* WHAT IS BEING ASKED: Repeat the data word for word and skip the pictures.

* PROVIDED MATERIAL:
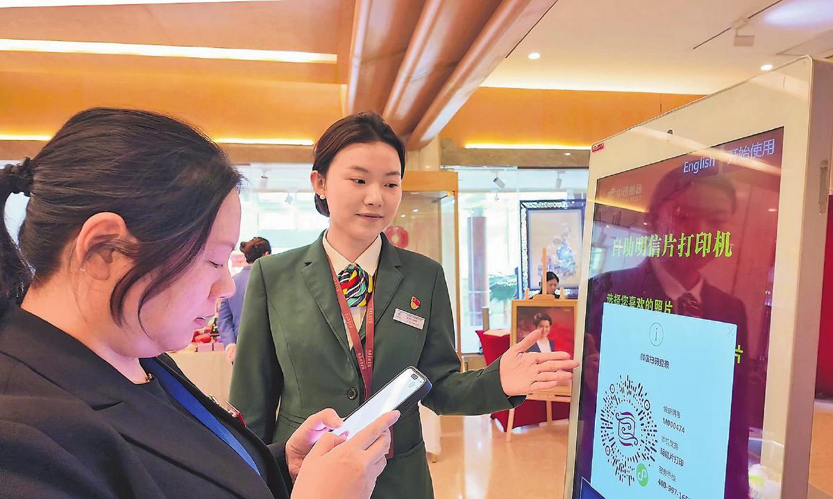 3月6日,两会驻地,邮政工作人员指导与会人员使用自助明信片打印机,将履职瞬间定格为专属纪念。
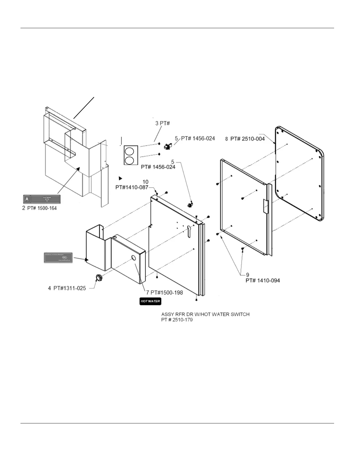 Concordia XPRESS - Diagram 2: Grounds Bin Door, Refrigerator Door with Hot Water Button Assembly
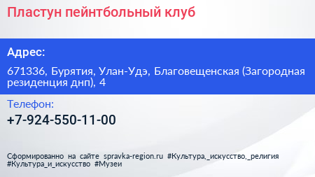 Пластун, пейнтбольный клуб по адресу 671336, Бурятия, Улан-Удэ, Благовещенская (Загородная резиденция днп), 4 в дальнейшем Организация, размещена в следующих категориях:
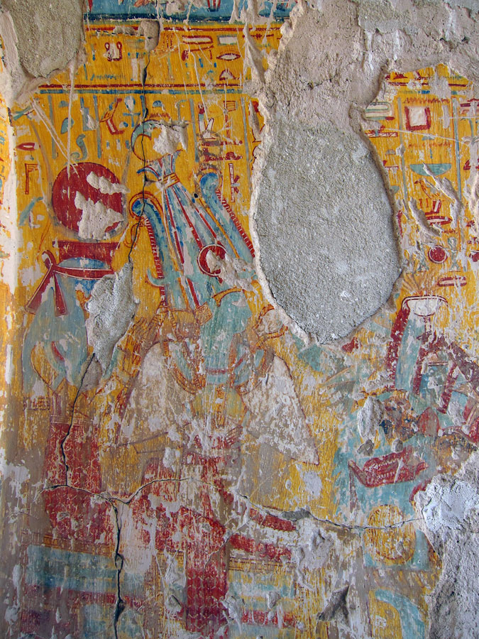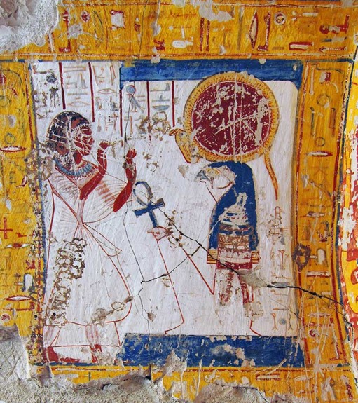 «Ra-Horakhti, il grande dio, maestro del cielo»Uno dei pochi dipinti interamente preservati della TT212, muro sud-est della nicchia

* OUTPUT OF THE TASK:
 3月6日,两会驻地,邮政工作人员指导与会人员使用自助明信片打印机,将履职瞬间定格为专属纪念。
 Concordia XPRESS - Diagram 2: Grounds Bin Door, Refrigerator Door with Hot Water Button Assembly
 Пластун, пейнтбольный клуб по адресу 671336, Бурятия, Улан-Удэ, Благовещенская (Загородная резиденция днп), 4 в дальнейшем Организация, размещена в следующих категориях:
 «Ra-Horakhti, il grande dio, maestro del cielo»Uno dei pochi dipinti interamente preservati della TT212, muro sud-est della nicchia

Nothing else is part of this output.